Still, a respectful and absorbing page-turner.

Hannah’s new novel is an homage to the extraordinary courage and endurance of Frenchwomen during World War II.

In 1995, an elderly unnamed widow is moving into an Oregon nursing home on the urging of her controlling son, Julien, a surgeon. This trajectory is interrupted when she receives an invitation to return to France to attend a ceremony honoring passeurs: people who aided the escape of others during the war. Cut to spring, 1940: Viann has said goodbye to husband Antoine, who's off to hold the Maginot line against invading Germans. She returns to tending her small farm, Le Jardin, in the Loire Valley, teaching at the local school and coping with daughter Sophie’s adolescent rebellion. Soon, that world is upended: The Germans march into Paris and refugees flee south, overrunning Viann’s land. Her long-estranged younger sister, Isabelle, who has been kicked out of multiple convent schools, is sent to Le Jardin by Julien, their father in Paris, a drunken, decidedly unpaternal Great War veteran. As the depredations increase in the occupied zone—food rationing, systematic looting, and the billeting of a German officer, Capt.
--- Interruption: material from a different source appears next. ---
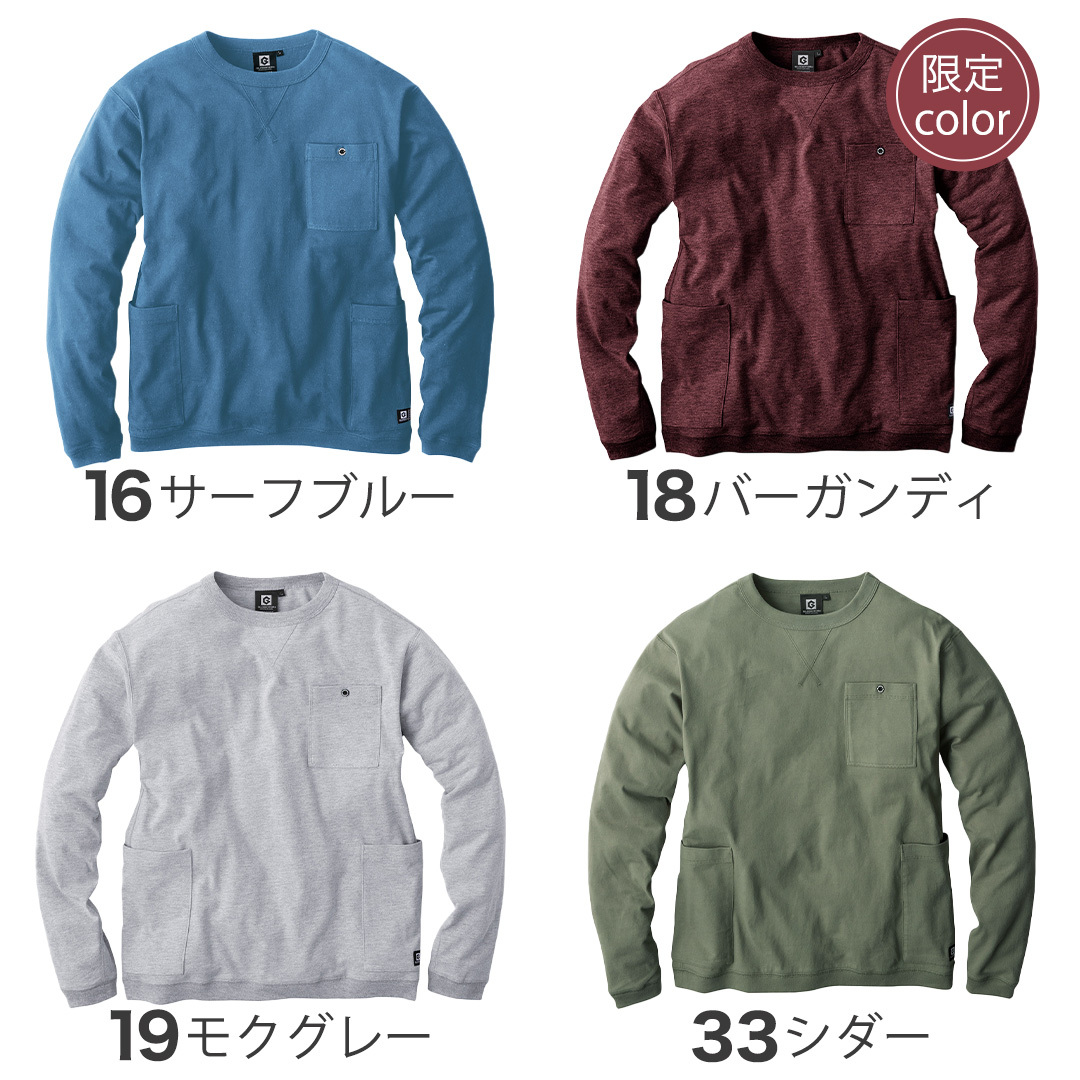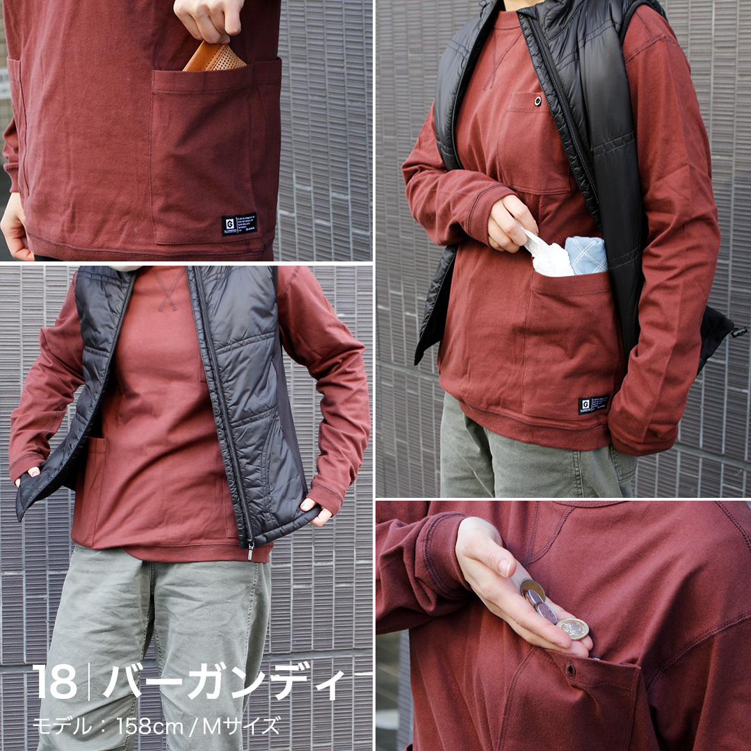 長袖 Tシャツ 5つのポケット (バーガンディ/S) ジャケット対応 ロンT 丸首 ビジネス カジュアル ビジカジ オフィス メン

Beck, at Le Jardin—Isabelle’s outspokenness is a liability. She joins the Resistance, volunteering for dangerous duty: shepherding downed Allied airmen across the Pyrenees to Spain. Code-named the Nightingale, Isabelle will rescue many before she's captured. Meanwhile, Viann’s journey from passive to active resistance is less dramatic but no less wrenching. Hannah vividly demonstrates how the Nazis, through starvation, intimidation and barbarity both casual and calculated, demoralized the French, engineering a community collapse that enabled the deportations and deaths of more than 70,000 Jews. Hannah’s proven storytelling skills are ideally suited to depicting such cataclysmic events, but her tendency to sentimentalize undermines the gravitas of this tale.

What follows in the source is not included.